Go behind the scenes to get a backstage look at what it takes to present the legendary band Rush during the 2008 Snakes & Arrows Concert Tour. It may appear to be one of the most exciting and glamorous jobs in the world - but being a roadie with a top-rated world-famous rock and roll band can be a grueling marathon of 18 hour work days, on an easy day. A bad is actually a couple of days, 40 hours spent hauling gear, assembling huge stacks of speakers, lifting them a hundred feet in the air, tuning instruments for demanding musicians and being cut off from every lover, friend and relative you have. This series takes you to the show you never see when you take your seat for a concert by the legendary band Rush. All the backstage secrets are revealed.
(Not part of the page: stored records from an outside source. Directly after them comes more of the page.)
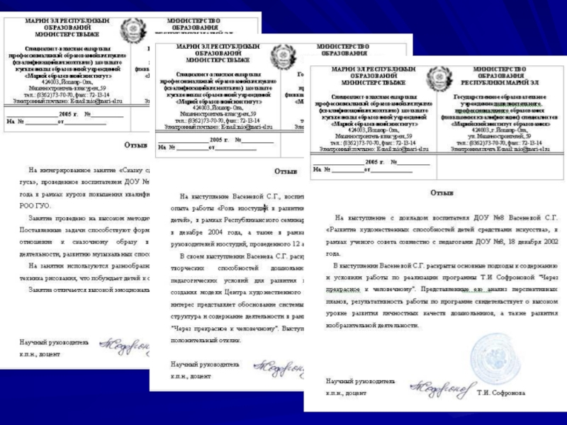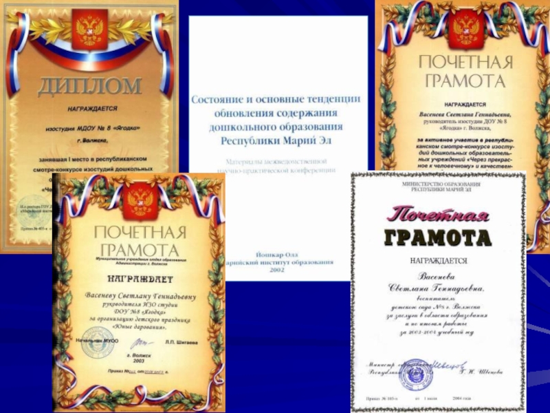 Почетной грамотой ГОУ ДПО (ПК) С «Марийский институт образования», приказ № 405-К от 24.11.2004.
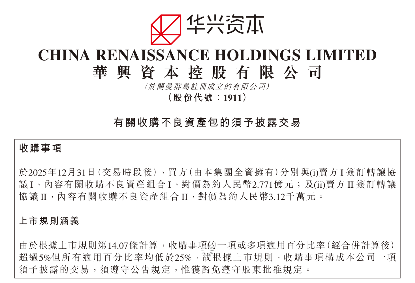华兴资本在公告中强调,对价是经公平磋商后厘定,已综合考虑债务逾期状况、历史与预期回收率、借款人特征、法律可执行性、文件完整性及预期回收成本等多重因素,并经过全面量化分析。
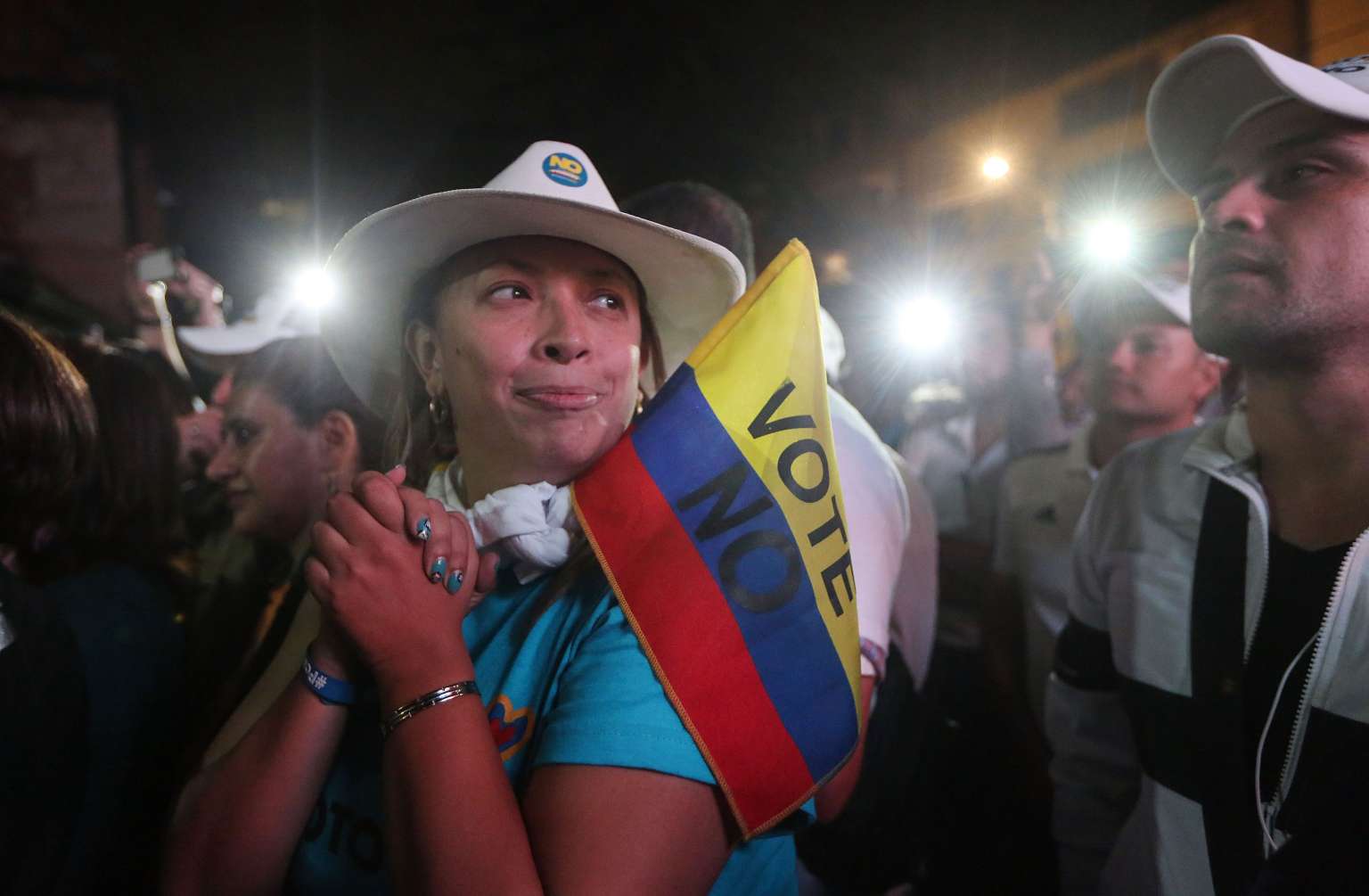 'No' supporters at a rally after their victory in the referendum to end the 52-year-old guerrilla war between the FARC and the state on Oct 2, 2016 in Bogota, Colombia.
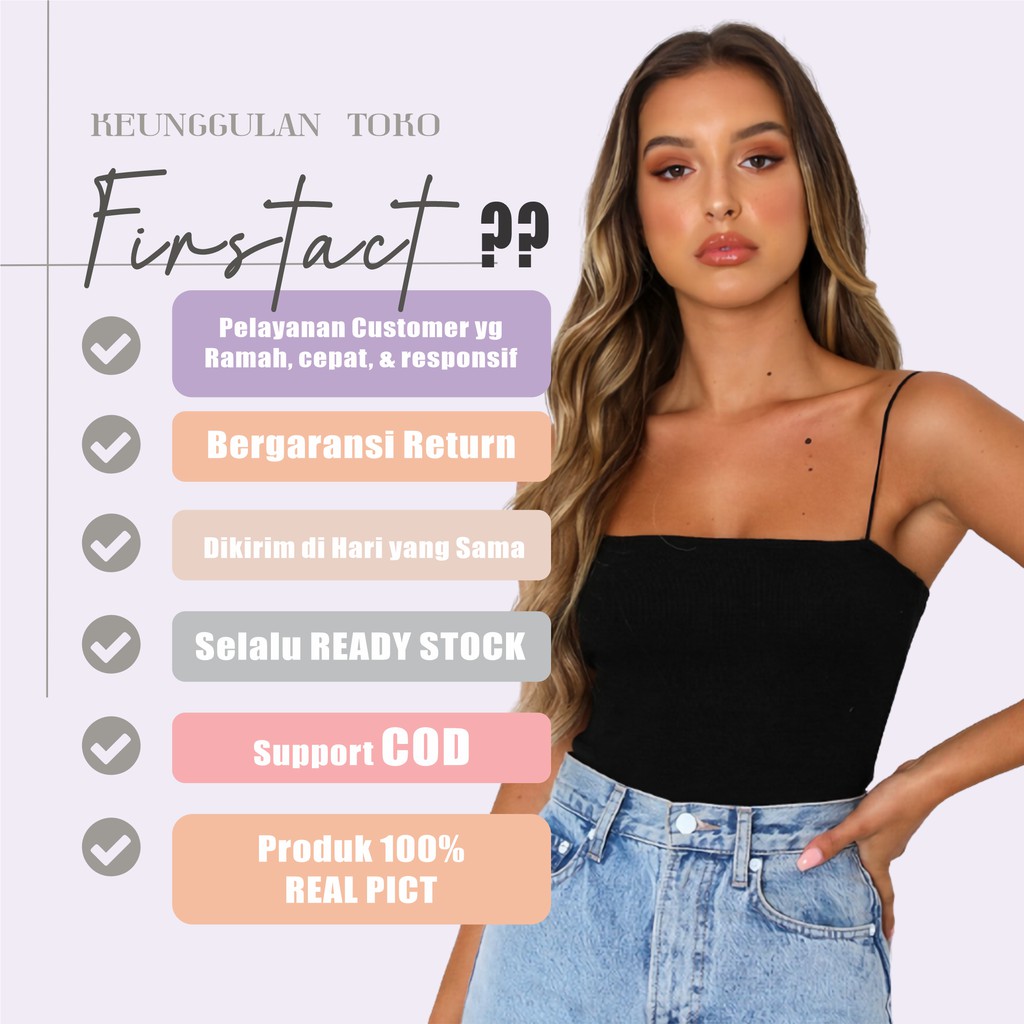 Tanktop Wanita Polos Square Spageti Tali Kecil Tank Top Wanita Korea Bahan Spandex

This DVD includes 5 parts on two discs including:
Part 1: Sound
Sure it sounds easy. Turn on some speakers and listen to the show. Well, it's a lot more complicated than that. Everyone in every seat needs to hear the show equally well. That sound can be affected by the shape of the building, the temperature inside and even whether the audience is wearing long or short sleeves. And then there's the show the band hears. Each member of Rush needs to hear different instruments at different levels at different times during the show.
Part 2: Lights
You don't buy a ticket to hear a rock show; you buy a ticket to see a rock show. Of course that's not as simple as turning on the house lights and sitting back. Lighting sets the mood for each song. That means lights are meticulously placed which isn't that easy when each show is in a different building. Once they are set up perfectly, the must be directed by an artist who plays the lighting board like an instrument.
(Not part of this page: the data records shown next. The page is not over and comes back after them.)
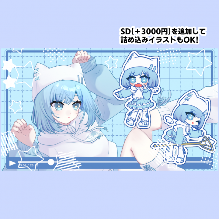 こちらの商品ページでは、サムネイルや動画MVなどにお使いいただける1枚絵を制作いたします。 |
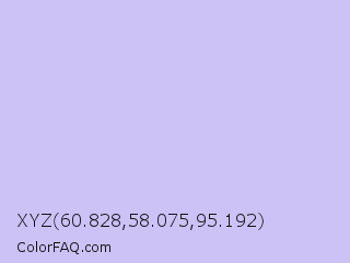 XYZ 60.828,58.075,95.192 Color is a very light indigo color and the nearest color is Perfume #d0bef8. Hex code #ccc2f6 and RGB value is rgb(204,194,246). In RGB color space, this color is composed of 80% red, 76% green, 96% blue, In CMYK color space, this color is composed of 17% cyan, 21% magenta, 0% yellow , 4% black , In HSL color space, this color has a hue angle of 252° , 74% saturation and 86% lightness.
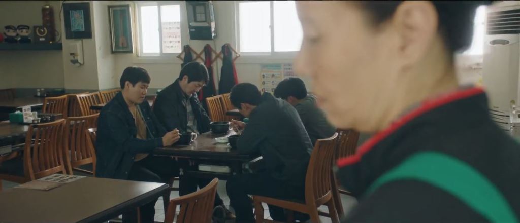 Crazy Dog Baek walks in and calls out Choi’s name. He says they are expecting a guest soon. Choi moves away but says the boy wasn’t cleaning properly.

Part 3: Instrument Technicians
One of the most demanding and stressful jobs on the road is the instrument technician. Each one is charged with tuning and maintaining the magic wands these musical wizards wield. For the musicians to have a good show, their instruments must be perfect. Each night is an exercise in perfection for the four technicians on the Rush tour, guitar, drums, bass and keyboards.
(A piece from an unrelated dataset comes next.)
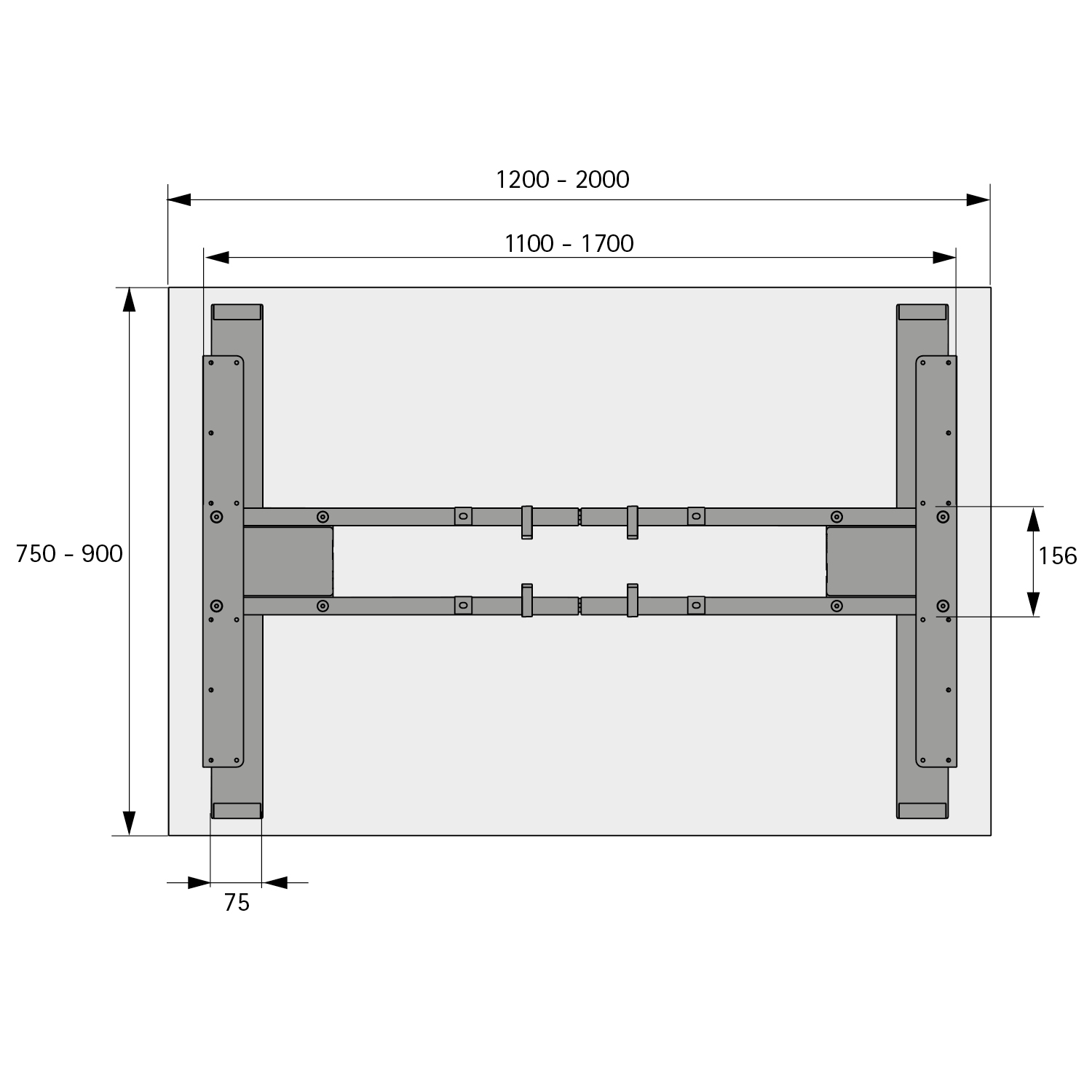 • Hubgewicht max. 120 kg bei gleichmäßiger Belastung des Tisches

Part 4: Lighting and Video
Let's face it, not every seat is in the front row, but everyone pays for a ticket. That means someone has to make sure everyone gets a good look at the band. So each concert is also a television show broadcast on a 50 foot screen.
Part 5: Road Manager
Most of the road crew are responsible for making sure their area of responsibility is working. But one person has to make sure the whole thing works, every night in every city. The road manager is the conductor of this huge orchestration and you better believe he is on his game all the time.